A A A Print


Pursuant to the above discussions with the committee members and the special invitees particularly, Dr. (Mrs.) Anita Roy, IPS and after perusal of the report of the sub-committee-I, the Sub-Committee-II, submitted its report, addressing all points of terms of reference as set out in Balbir Singh case.  The Sub-Committee-II further suggested amendments in the Act, Rules and Forms.  The recommendations of the report are based on sub committee II report and are as under:-


1.    The committee is of the view that the responsibility of certifying a donor as ‘near relative’ ought not to be placed on the transplant surgeon or any medical practitioner conducting the medical tests to assess the factum of ‘near relative’. The present practise puts an unnecessary and avoidable pressure on the concerned medical practitioner and he becomes vulnerable to accusations if something goes wrong. Therefore, there is a definite need to develop a mechanism where all proposed donors including ‘near relatives’ should be scrutinised by a committee (the authorization committee), particularly, keeping in view, the larger objective of ruling out commercial considerations.

2.    The committee is therefore of the view that the jurisdiction of the Authorization Committees should be enlarged by bringing within its ambit the process of certifying a ‘near relative’ as well.  No fruitful purpose will be served by creating another designated authority for the said purpose.  Experience of the medical practitioners and police has indicated that there have been several instances where the donors are sought to be projected as near-relatives in order to avoid scrutiny by the Authorization Committees.  By way of illustration, we may visualize a case where a particular proposed donor, who initially represents himself as a near relative, on a scrutiny of evidence, turns out to be a non-near-relative, whose affection or attachment with the recipient cannot otherwise be doubted. If there are two different committees then he is likely to be referred to the other Authorisation Committee. In such cases, there may be an inherent prejudice against him for initially misrepresenting himself as a near-relative and in this process a genuine case of donation of an organ for transplant may be delayed or jettisoned.  Therefore, in order to maintain consistency, to save valuable time, to achieve functional efficiency and avoid duality of authority, it is desirable that scrutiny of all types of donors, both those of relatives and non-relatives should be carried out by the same authority i.e. Authorisation Committee. This will also help in eliminating the frivolous attempts laced with commercial incentives to project a non-relative as near-relative which often occurs, as indicated above, to avoid scrutiny of authorisation committee.
3.    The next question that emerges is as to what should be the process of certifying the eligibility of the donor within the parameters of the legal provisions of THOA Act and THOA Rules. However, this question is interlinked with the question of the composition of the Authorisation Committees and the guidelines to govern the working of the Authorisation Committees.  Once the composition and the working guidelines of the Authorization Committees are determined, the procedural aspects can easily be identified and recommended. In order to recommend a desirable composition of the Authorisation Committee and formulate effective guidelines for the functioning of the Authorisation Committees, it will be imperative for the Committee to look into the existing legal provisions of the THOA Act and THOA Rules and include in its recommendations, the desirable modifications as well, keeping in view the observations made in the Balbir Singh case and the experiences of the medical practitioners and the law enforcing agencies.

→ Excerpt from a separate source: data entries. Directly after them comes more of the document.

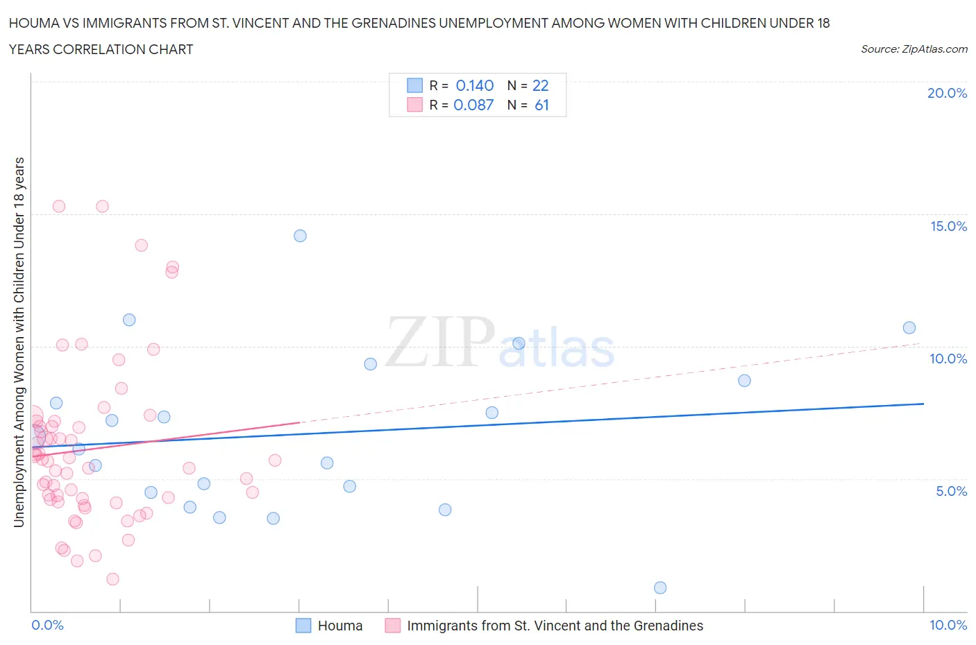 Houma vs Immigrants from St. Vincent and the Grenadines Unemployment Among Women with Children Under 18 years Correlation Chart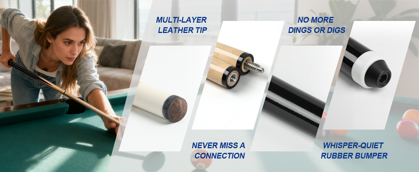 Enhanced Stability with High-Density Core: Selectively uses the hardest segments of rock maple in the forearm and shaft of the pool sticks to minimize deflection. Reinforced cue sticks joint and ferrule prevent tip separation or splintering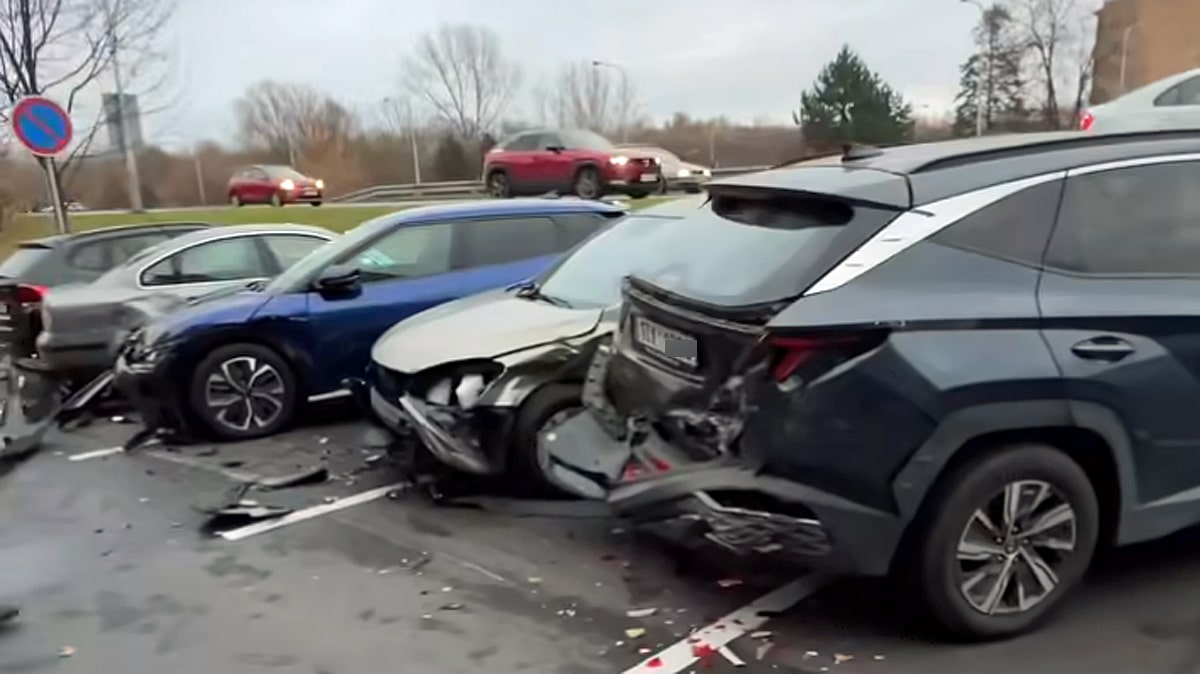 Škoda tak vznikla na jejím voze i na pěti zaparkovaných automobilech značek Kia, Hyundai, Volkswagen a BMW. První tři vozy byly nabourané více, mají poškozenou karoserii, zničená světla a části nárazníků servané na zem. Poslední dva vozy v řadě Volkswagen a BMW budou mít zřejmě „jen“ otlučeniny.

The committee has observed that in Metropolitan Cities, for different hospitals, providing facilities of transplantation surgery, there are distinct and independent Authorisation Committees. In the considered view of the committee, this practice of hospital based Authorisation Committees is workable and practical in Metropolitan Cities and large capital cities of states where within the city, large distances need to be traveled and it may not be possible for the medical practitioners and other members of the committee to leave hospital and go to another place for attending the meeting. The increasing vehicular traffic in such cities restricts the mobility. But, in non-metropolitan cities and smaller capital cities of states, a single Authorisation Committee for the entire district or a Division comprising of several Districts, depending upon the factors like size of population; number of transplantation centers available within the territory and other administrative exigencies, would serve the purpose.

A.      COMPOSITION OF HOSPITAL BASED AUTHORISATION COMMITTEES :( to be proposed by institution and notified by Govt.)  

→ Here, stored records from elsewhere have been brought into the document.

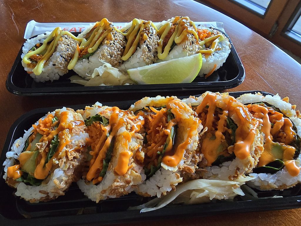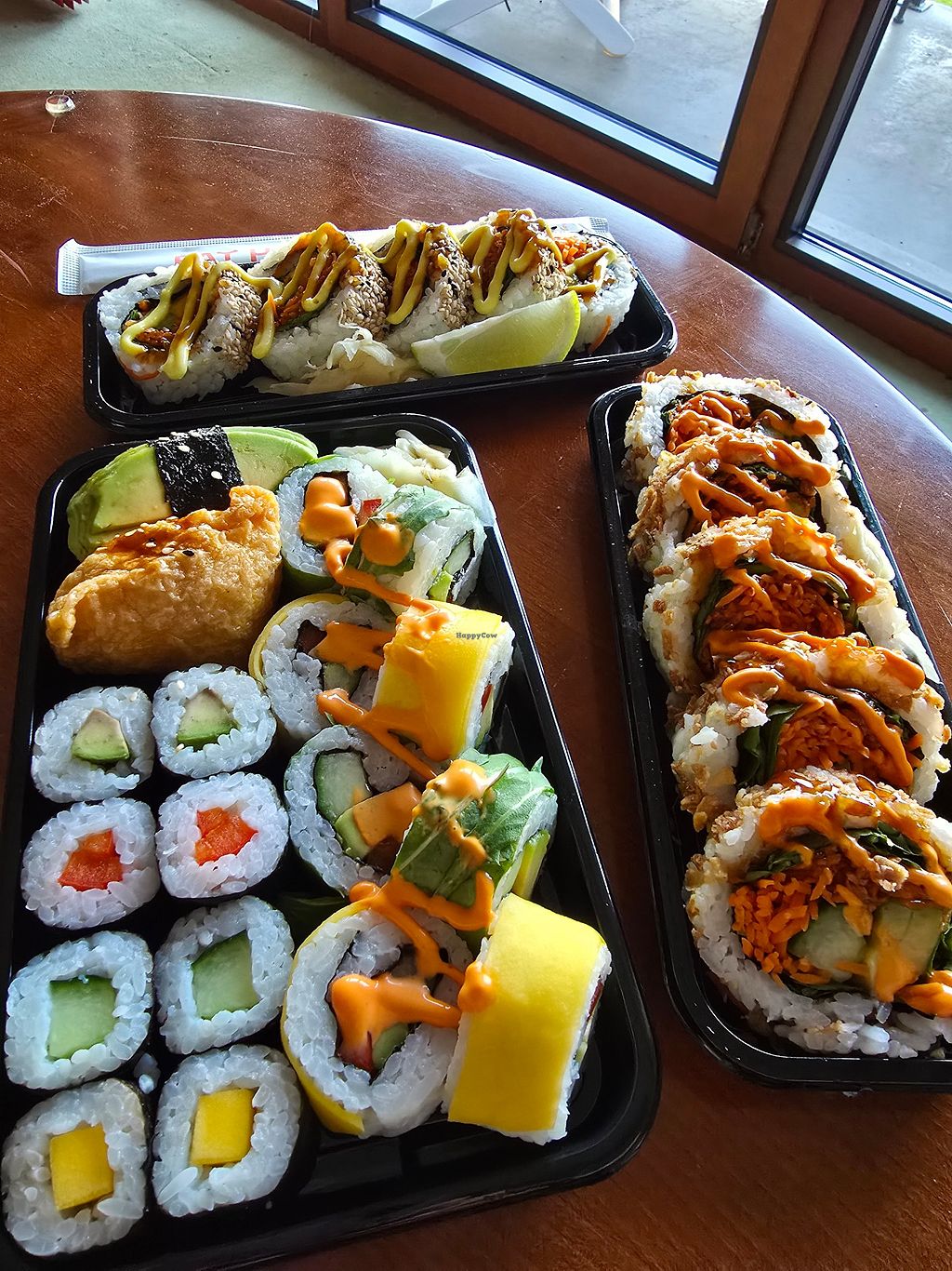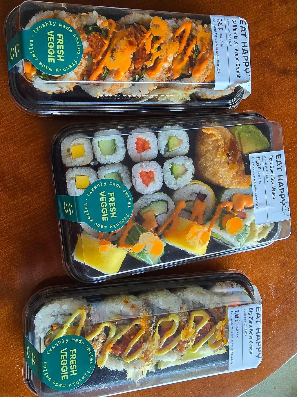 Theres a sushi stand that has several vegan sushi boxes. We had some as take away for dinner. Its basically sticky rice with vegs and seaweed. Would love to see them with tofu or such.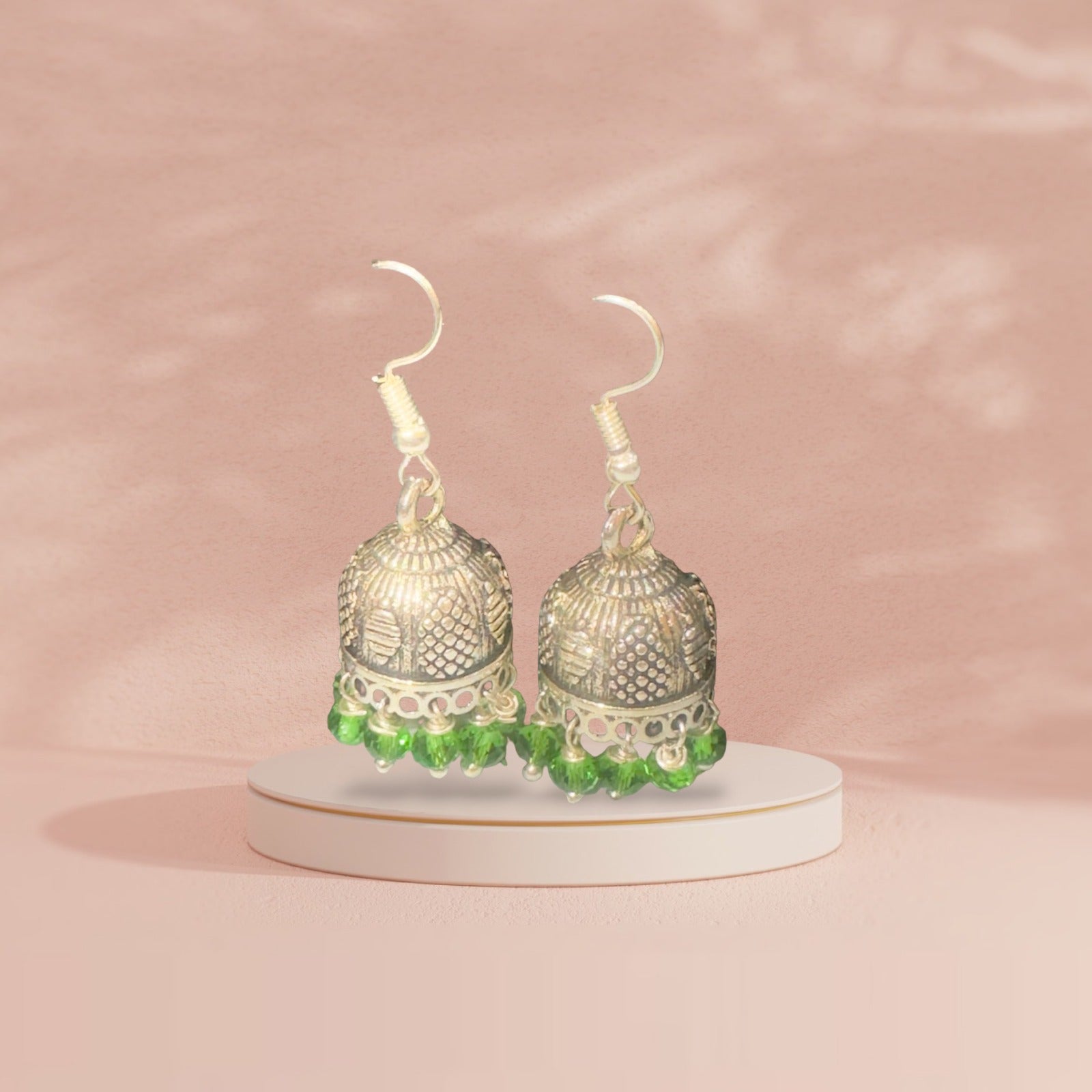 Oxidized Green Beads Hook Jhumka / Hanging Jhumka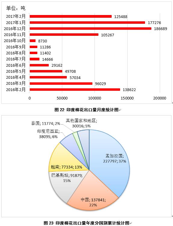 2017年2月,印度出口棉花12.5萬噸,較1月份減少5.2萬噸(圖22);2016年9月-2017年2月,印度累計出口棉花61.5萬噸,同比減少34.9萬噸,主要出口目的地為孟加拉國、中國、巴基斯坦、越南、印度尼西亞和泰國,占比分別為37%、22%、15%、13%、6%和2%(圖23)。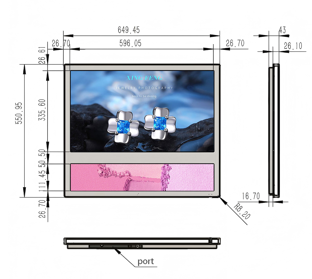 27+24 Inch Dual screen Stretched LCD Display Display area:596*335+ 596*111.5mm Resolution:1920*1080+1920*360 Material:Aluminum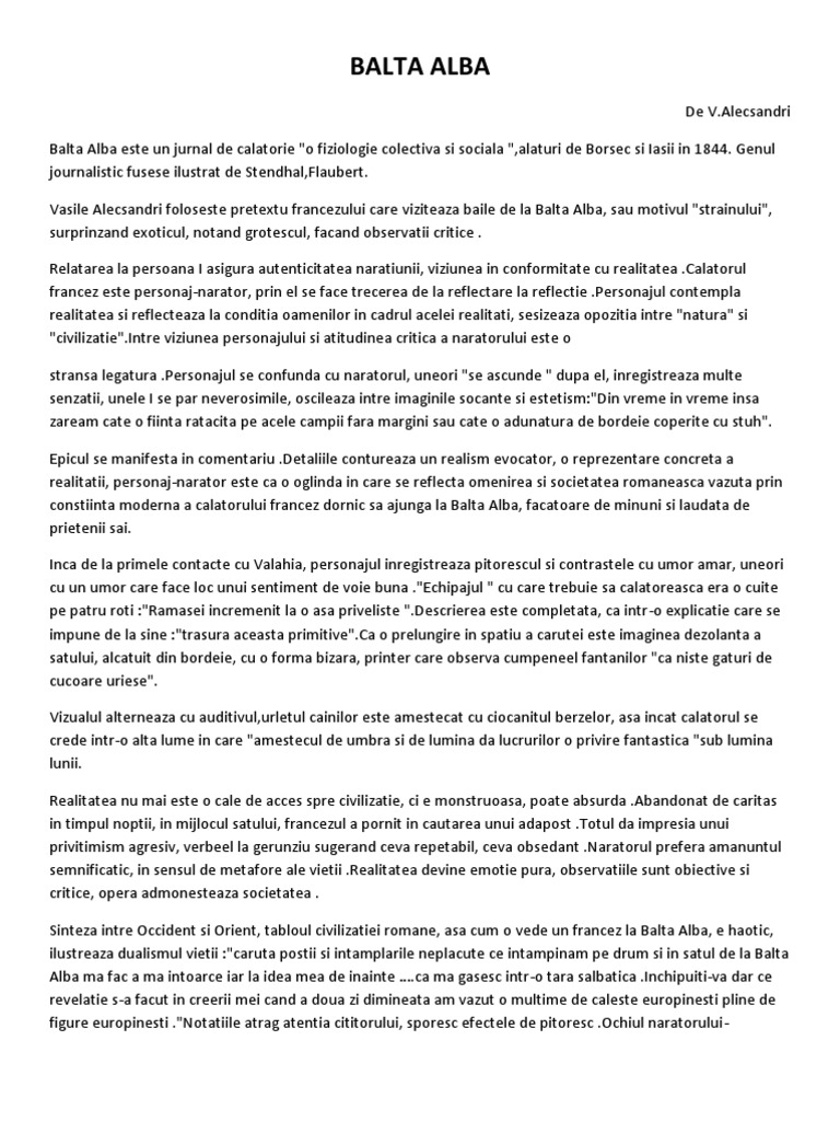 Referat Balta Alba De Vasile Alecsandri 365644 Graduo

Ø      The senior most person officiating as Medical Director/Medical Superintendent of the Hospital.
Ø      DM/ADM/SDM of the District which include the officers holding equivalent post in hierarchy irrespective of nomenclature of the designation. (To be nominated by concerned State/UT Govt.)
Ø      Two senior medical practitioners from the same hospital who are not part of the transplant team.
Ø      Two members being persons of high integrity, social standing and credibility, who have served in high ranking Government positions, such as in higher judiciary, senior cadre of police service or who have served as a reader or professor in UGC approved University or are self-employed professionals of repute such as lawyers, chartered accountants, writers, journalists and doctors (of Indian Medical Association) etc.
Ø      One Medical Practitioner working in a Government hospital to be nominated by the Central/State Government.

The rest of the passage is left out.